- EXERCISE DESCRIPTION
Beginning at the line that contains "Σελιδοδείκτης Βιβλίου, Ξύλινος", return every remaining line of the data below exactly; return nothing before it.

*** Opening of PROVIDED INFORMATION ***

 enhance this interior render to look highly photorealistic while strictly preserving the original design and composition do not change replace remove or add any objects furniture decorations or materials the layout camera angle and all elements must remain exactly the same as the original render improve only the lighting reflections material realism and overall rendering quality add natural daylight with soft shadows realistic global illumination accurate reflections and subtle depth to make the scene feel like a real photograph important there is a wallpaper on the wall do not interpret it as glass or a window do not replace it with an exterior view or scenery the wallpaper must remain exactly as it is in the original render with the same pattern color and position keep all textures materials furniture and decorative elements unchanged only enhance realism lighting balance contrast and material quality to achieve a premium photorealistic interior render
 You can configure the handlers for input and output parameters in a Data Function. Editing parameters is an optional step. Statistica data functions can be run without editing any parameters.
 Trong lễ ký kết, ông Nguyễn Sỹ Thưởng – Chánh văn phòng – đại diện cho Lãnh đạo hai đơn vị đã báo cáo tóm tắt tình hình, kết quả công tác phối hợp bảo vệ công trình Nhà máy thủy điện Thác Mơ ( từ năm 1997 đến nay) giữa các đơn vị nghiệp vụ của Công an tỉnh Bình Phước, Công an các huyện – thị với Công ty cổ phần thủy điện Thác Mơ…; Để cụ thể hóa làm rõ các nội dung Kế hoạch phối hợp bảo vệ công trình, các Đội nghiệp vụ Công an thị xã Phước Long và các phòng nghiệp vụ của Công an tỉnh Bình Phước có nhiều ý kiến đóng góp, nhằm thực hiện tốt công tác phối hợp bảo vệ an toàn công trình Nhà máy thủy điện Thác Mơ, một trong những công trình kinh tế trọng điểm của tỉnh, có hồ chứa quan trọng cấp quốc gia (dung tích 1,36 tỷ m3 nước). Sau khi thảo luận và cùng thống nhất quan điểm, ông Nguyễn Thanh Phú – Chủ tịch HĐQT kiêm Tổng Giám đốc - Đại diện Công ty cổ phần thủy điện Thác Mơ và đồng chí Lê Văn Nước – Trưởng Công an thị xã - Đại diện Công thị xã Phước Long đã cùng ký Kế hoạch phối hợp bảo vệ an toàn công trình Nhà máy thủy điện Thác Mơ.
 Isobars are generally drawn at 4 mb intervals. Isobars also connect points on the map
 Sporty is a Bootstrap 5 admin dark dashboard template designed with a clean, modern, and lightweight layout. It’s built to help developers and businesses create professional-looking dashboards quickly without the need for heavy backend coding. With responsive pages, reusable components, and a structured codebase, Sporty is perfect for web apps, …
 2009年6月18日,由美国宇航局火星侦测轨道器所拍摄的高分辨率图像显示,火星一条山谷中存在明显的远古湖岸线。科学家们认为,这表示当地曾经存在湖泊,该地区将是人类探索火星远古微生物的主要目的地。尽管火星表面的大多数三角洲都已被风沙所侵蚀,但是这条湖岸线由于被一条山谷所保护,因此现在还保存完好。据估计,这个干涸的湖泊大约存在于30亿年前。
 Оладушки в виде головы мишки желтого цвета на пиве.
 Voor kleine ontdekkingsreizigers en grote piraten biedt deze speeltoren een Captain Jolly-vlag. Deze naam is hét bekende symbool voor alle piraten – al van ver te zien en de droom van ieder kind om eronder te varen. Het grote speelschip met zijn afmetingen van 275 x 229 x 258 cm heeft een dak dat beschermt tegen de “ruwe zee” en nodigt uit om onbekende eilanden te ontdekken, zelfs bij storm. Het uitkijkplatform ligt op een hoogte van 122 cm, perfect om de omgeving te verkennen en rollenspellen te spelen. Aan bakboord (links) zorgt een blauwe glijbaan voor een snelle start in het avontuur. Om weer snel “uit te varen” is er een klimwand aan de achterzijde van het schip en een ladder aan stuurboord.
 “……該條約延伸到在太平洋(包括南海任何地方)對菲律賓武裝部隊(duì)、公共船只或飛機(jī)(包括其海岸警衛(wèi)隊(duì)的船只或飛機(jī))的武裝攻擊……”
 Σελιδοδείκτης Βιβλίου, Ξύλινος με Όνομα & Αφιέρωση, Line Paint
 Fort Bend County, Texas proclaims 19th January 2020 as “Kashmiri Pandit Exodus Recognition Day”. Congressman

*** Close of PROVIDED INFORMATION ***

- WRITTEN ANSWER
 Σελιδοδείκτης Βιβλίου, Ξύλινος με Όνομα & Αφιέρωση, Line Paint
 Fort Bend County, Texas proclaims 19th January 2020 as “Kashmiri Pandit Exodus Recognition Day”. Congressman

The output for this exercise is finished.